◆ **WORK INSTRUCTION**:
Could you restate the whole listing below word for word, minus the pictures?

---------- THE DATA ----------

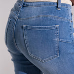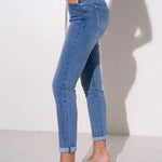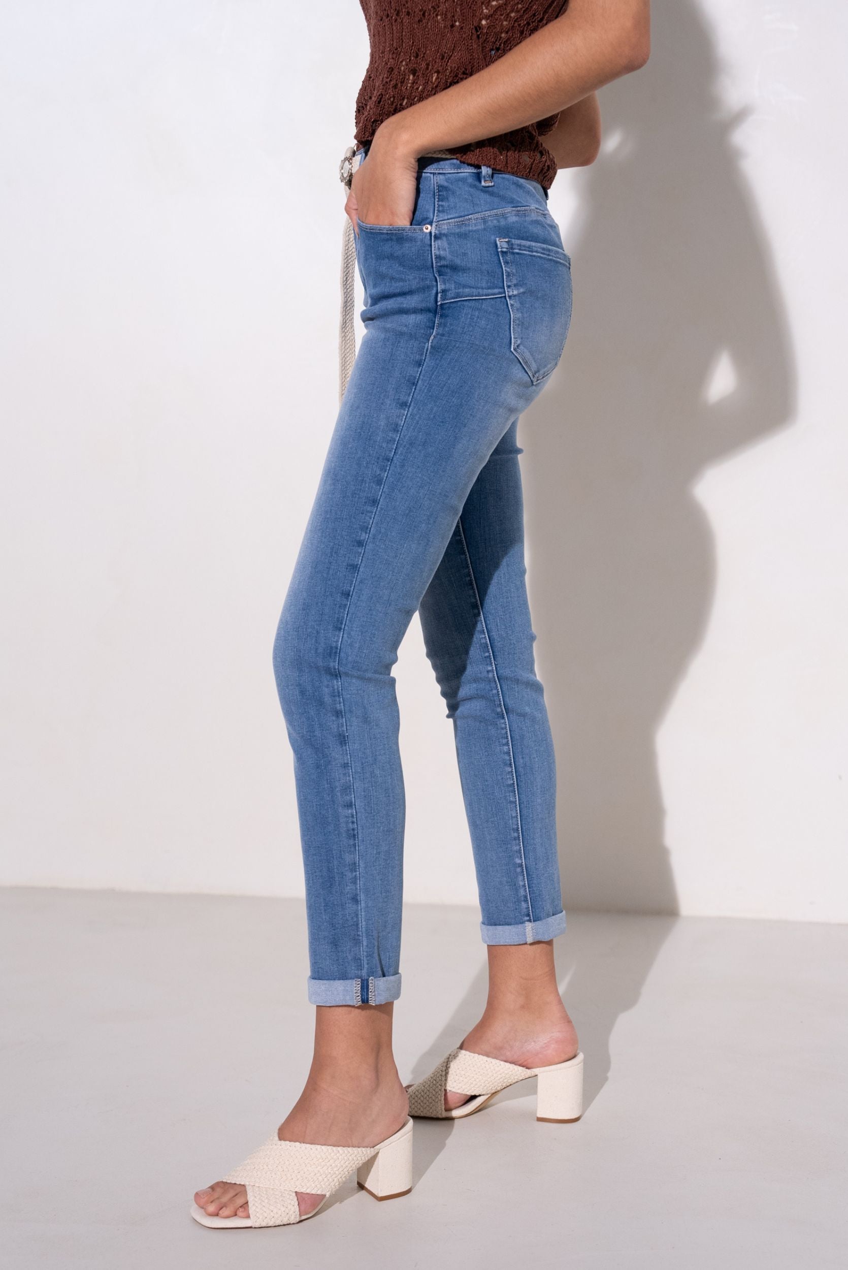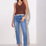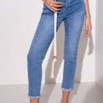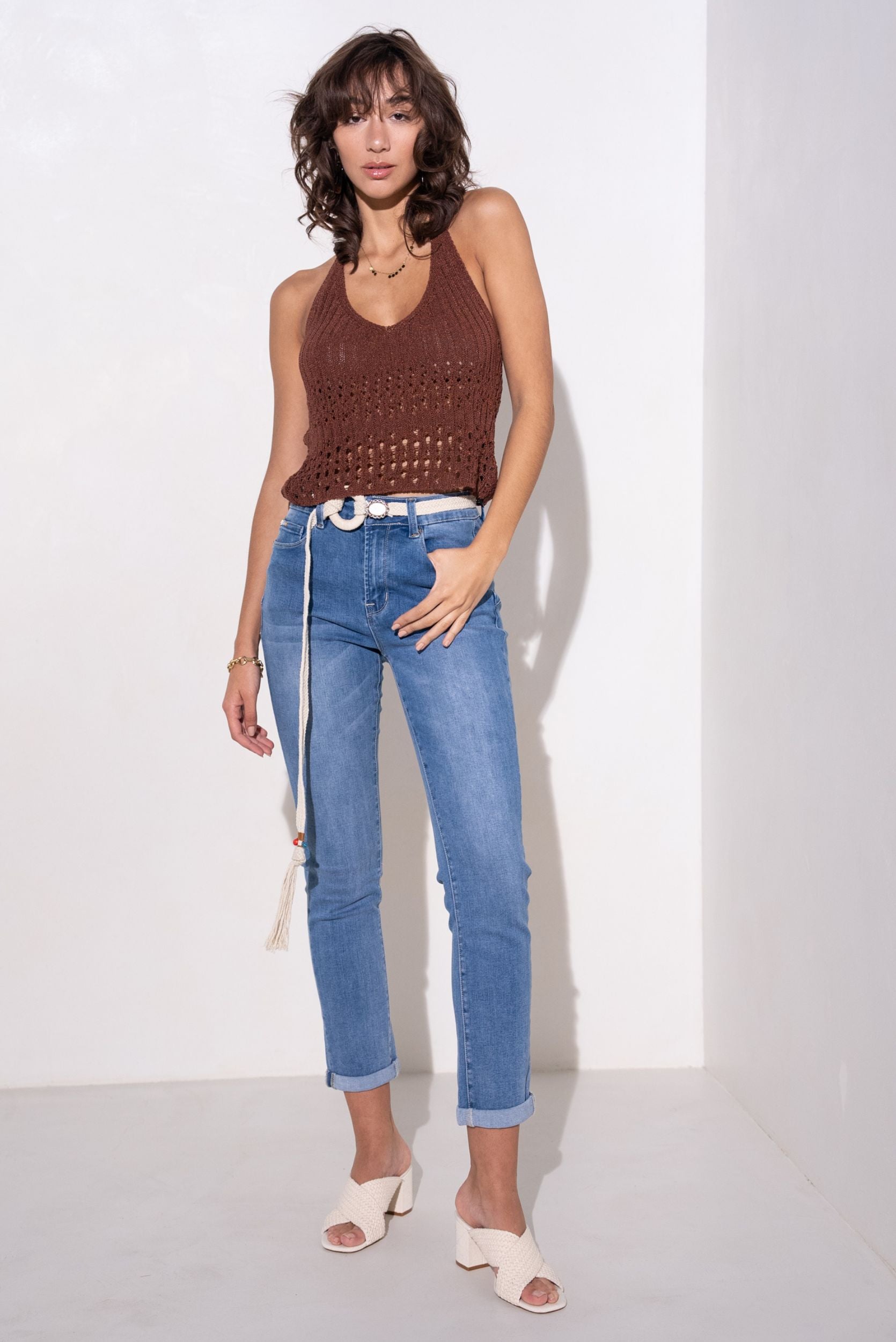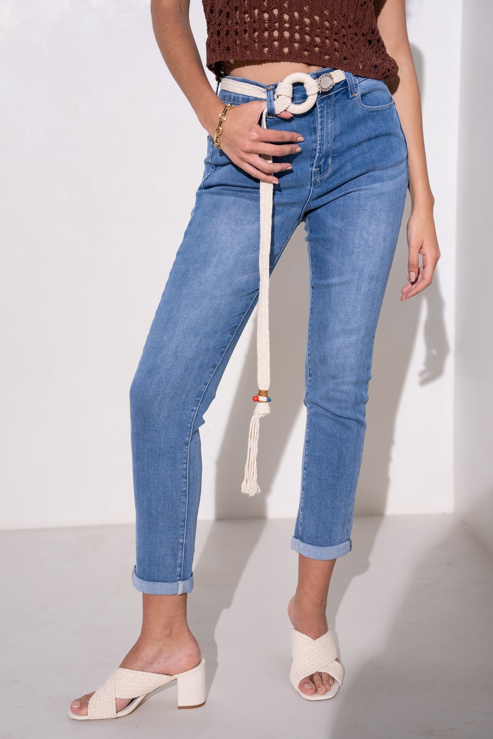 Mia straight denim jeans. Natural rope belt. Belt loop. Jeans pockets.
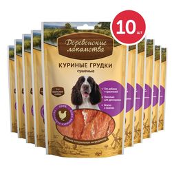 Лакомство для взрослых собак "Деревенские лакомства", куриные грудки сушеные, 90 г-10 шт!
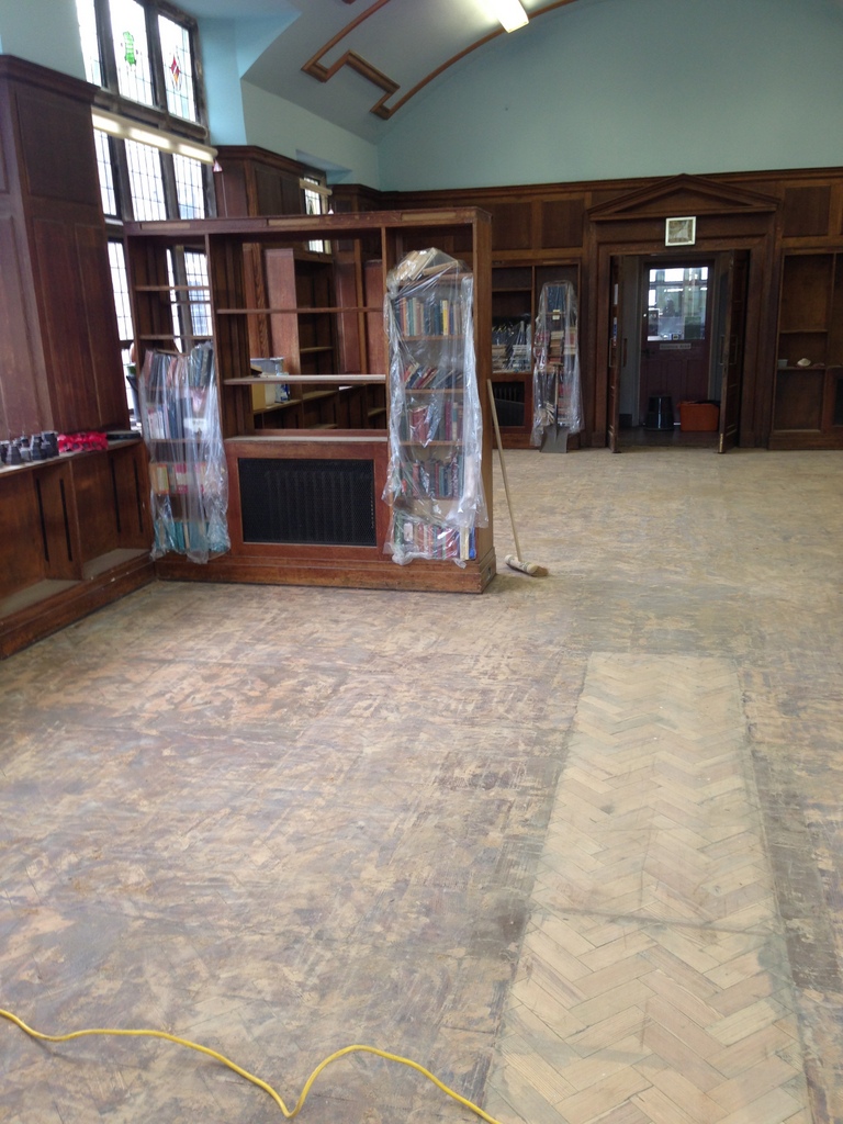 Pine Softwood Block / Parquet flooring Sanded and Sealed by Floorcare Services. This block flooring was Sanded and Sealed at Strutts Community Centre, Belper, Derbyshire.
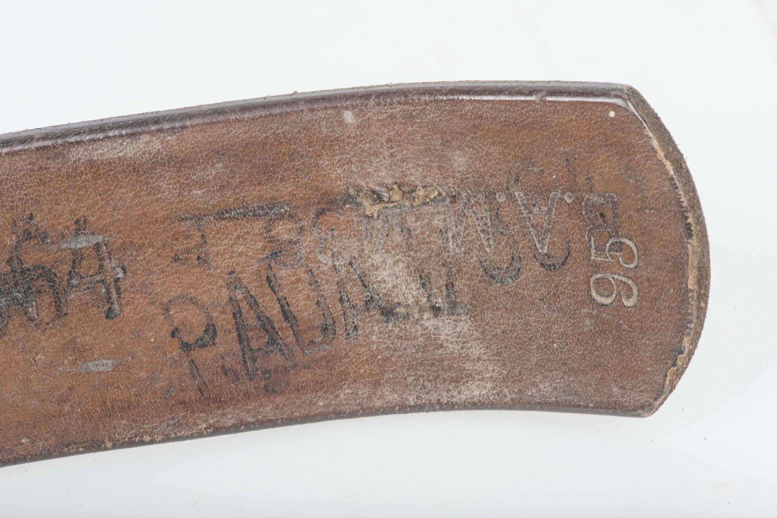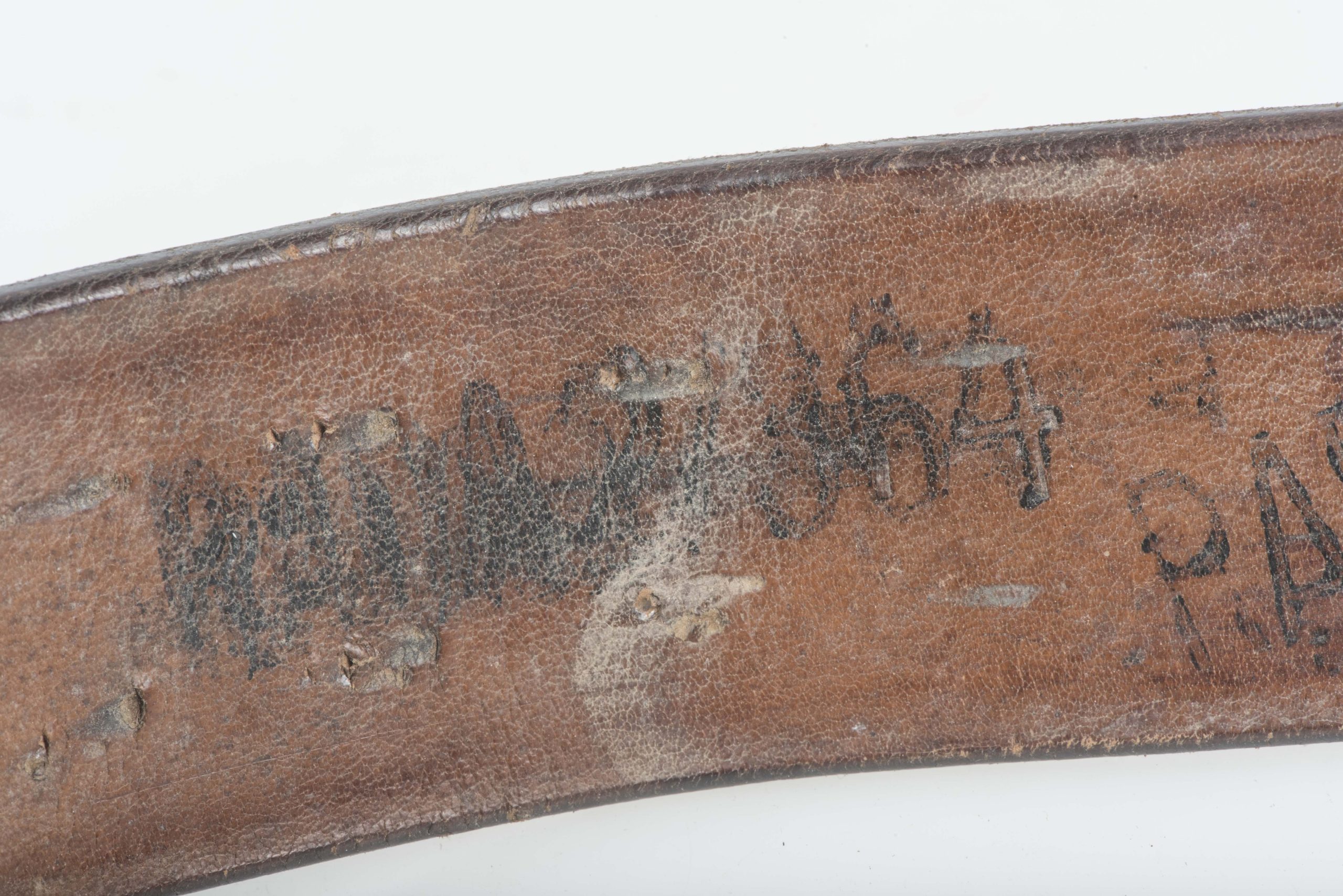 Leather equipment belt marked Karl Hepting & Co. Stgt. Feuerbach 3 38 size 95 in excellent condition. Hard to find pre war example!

----------

◆ **RESPONSE TO THE TASK**:
 Mia straight denim jeans. Natural rope belt. Belt loop. Jeans pockets.
 Лакомство для взрослых собак "Деревенские лакомства", куриные грудки сушеные, 90 г-10 шт!
 Pine Softwood Block / Parquet flooring Sanded and Sealed by Floorcare Services. This block flooring was Sanded and Sealed at Strutts Community Centre, Belper, Derbyshire.
 Leather equipment belt marked Karl Hepting & Co. Stgt. Feuerbach 3 38 size 95 in excellent condition. Hard to find pre war example!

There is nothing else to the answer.